**Assignment:**
Could you transcribe exactly the lines from the one containing "Naši učenici su" through the last line of the records below, leaving out the pictures?

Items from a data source

━━━━━━

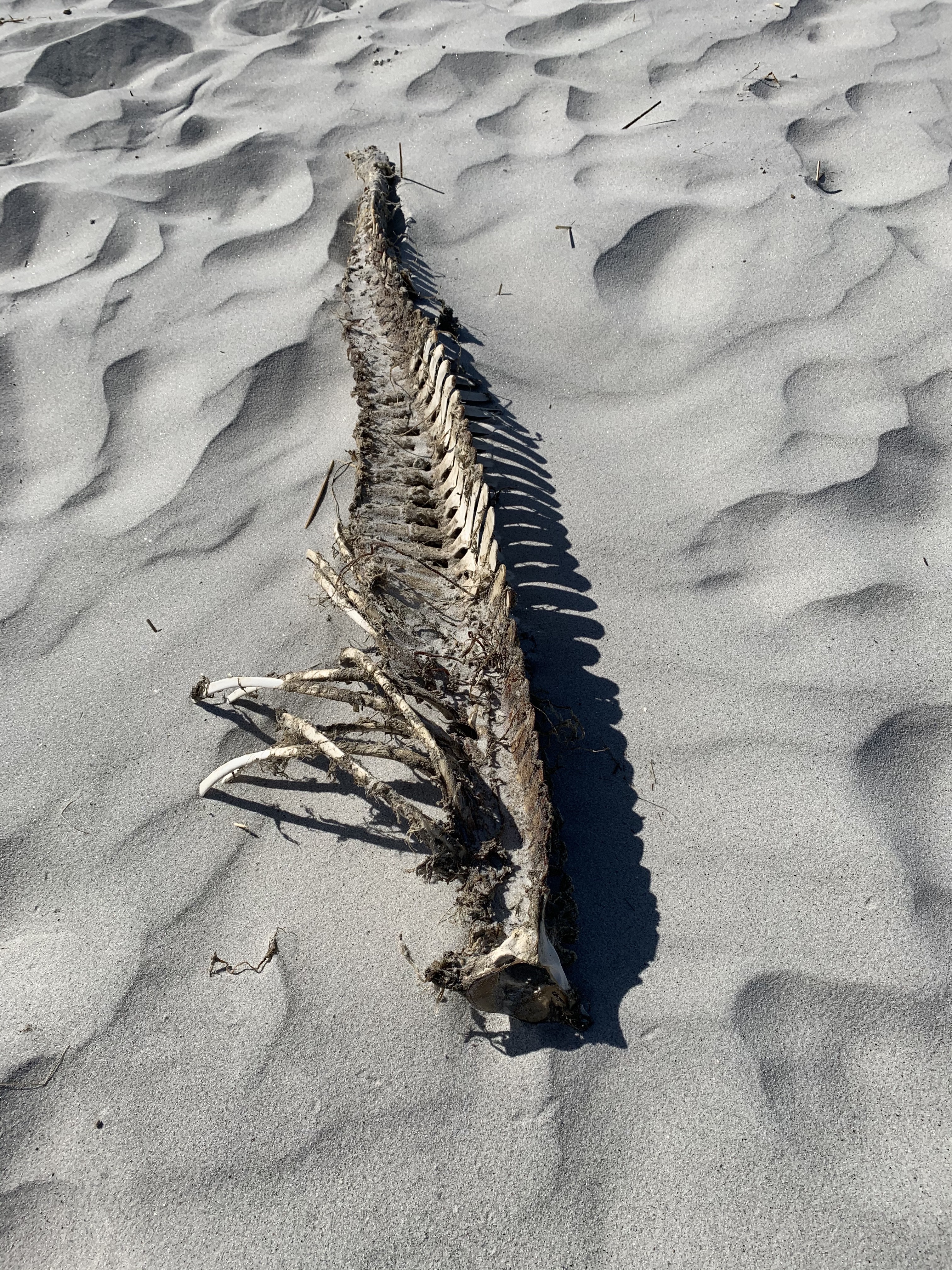 S Pawson shares what they believe to be a bottle nose dolphinโs remains on Coffinโs Beach
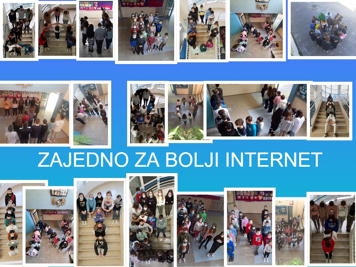 Naši učenici su s oduševljenjem prihvatili poziv 8.e razreda da položajem svojih tijela „ispišu“ slogan „ Zajedno za bolji Internet“.
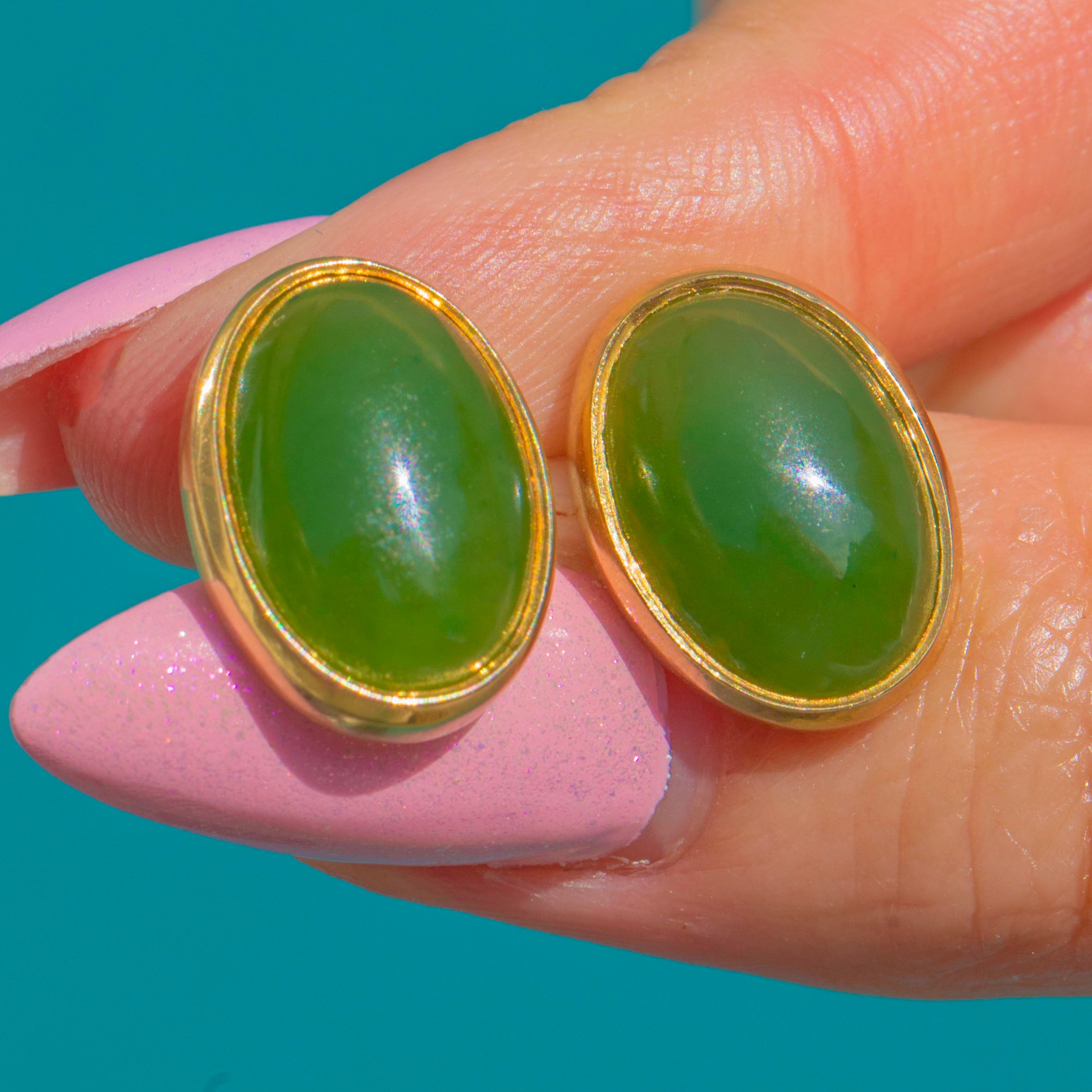 Jade cabochons measure 12.5mm long x 9mm wide x 4mm deep.
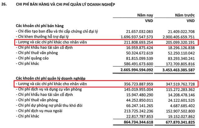 Cụ thể, trong chi phí bán hàng thì lương và các chi phí khác chi cho nhân viên là gần 212 tỷ đồng. Trong chi phí quản lý doanh nghiệp, lương và các chi phí khác cho nhân viên là gần 357 tỷ đồng. Tổng cộng gần 570 tỷ đồng là lương và chi phí khác được chi cho nhân viên của Sun Life Việt Nam.
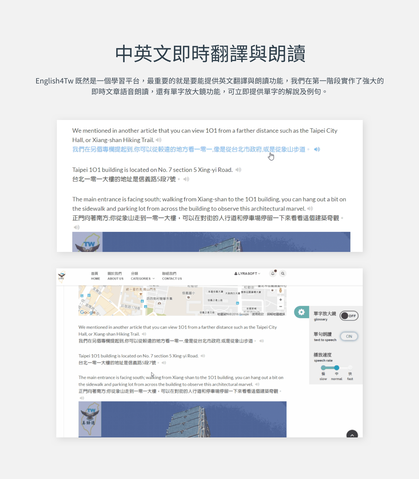透過中英文互動學習系統,分享到台灣每一個角落的旅記,為全球網友打開一扇窗。
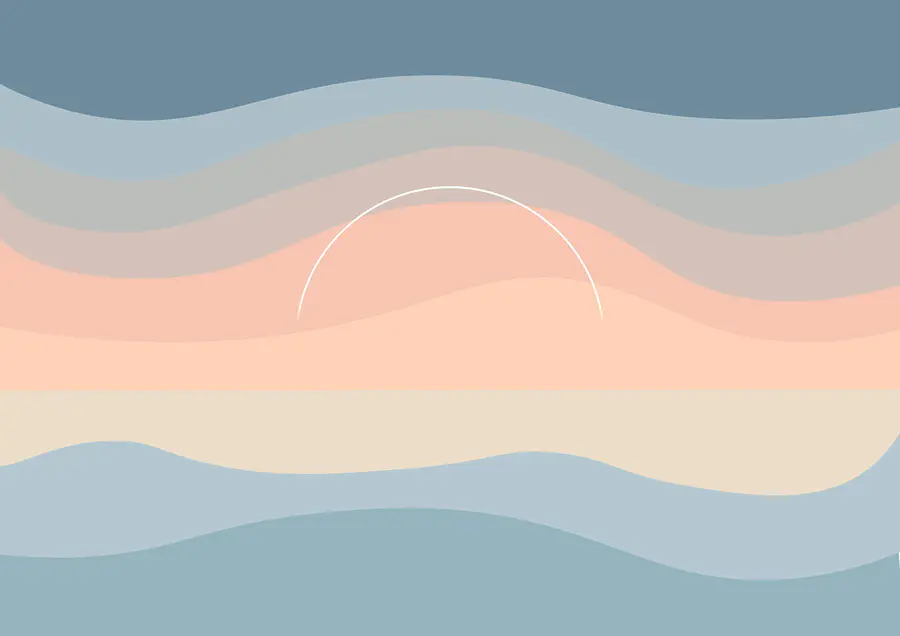 Fotomurales Olas de colores con un círculo blanco en el cielo
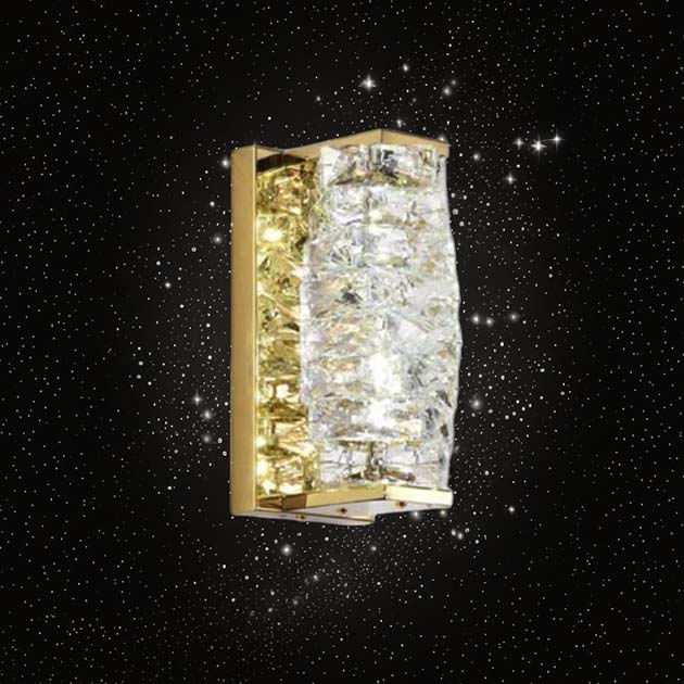 燈體以精緻的工藝打造,水晶折射出的迷人光彩在牆面上流動,宛如夜空中的星光點點,為空間增添一份靜謐與高雅。
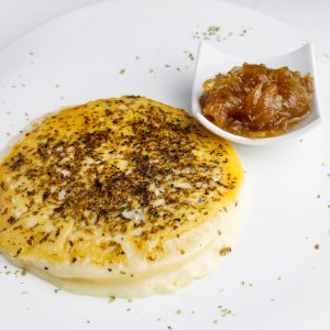 Queso provolone a la plancha con mermelada de cebolla

━━━━━━

**Answer:**
 Naši učenici su s oduševljenjem prihvatili poziv 8.e razreda da položajem svojih tijela „ispišu“ slogan „ Zajedno za bolji Internet“.
 Jade cabochons measure 12.5mm long x 9mm wide x 4mm deep.
 Cụ thể, trong chi phí bán hàng thì lương và các chi phí khác chi cho nhân viên là gần 212 tỷ đồng. Trong chi phí quản lý doanh nghiệp, lương và các chi phí khác cho nhân viên là gần 357 tỷ đồng. Tổng cộng gần 570 tỷ đồng là lương và chi phí khác được chi cho nhân viên của Sun Life Việt Nam.
透過中英文互動學習系統,分享到台灣每一個角落的旅記,為全球網友打開一扇窗。
 Fotomurales Olas de colores con un círculo blanco en el cielo
 燈體以精緻的工藝打造,水晶折射出的迷人光彩在牆面上流動,宛如夜空中的星光點點,為空間增添一份靜謐與高雅。
 Queso provolone a la plancha con mermelada de cebolla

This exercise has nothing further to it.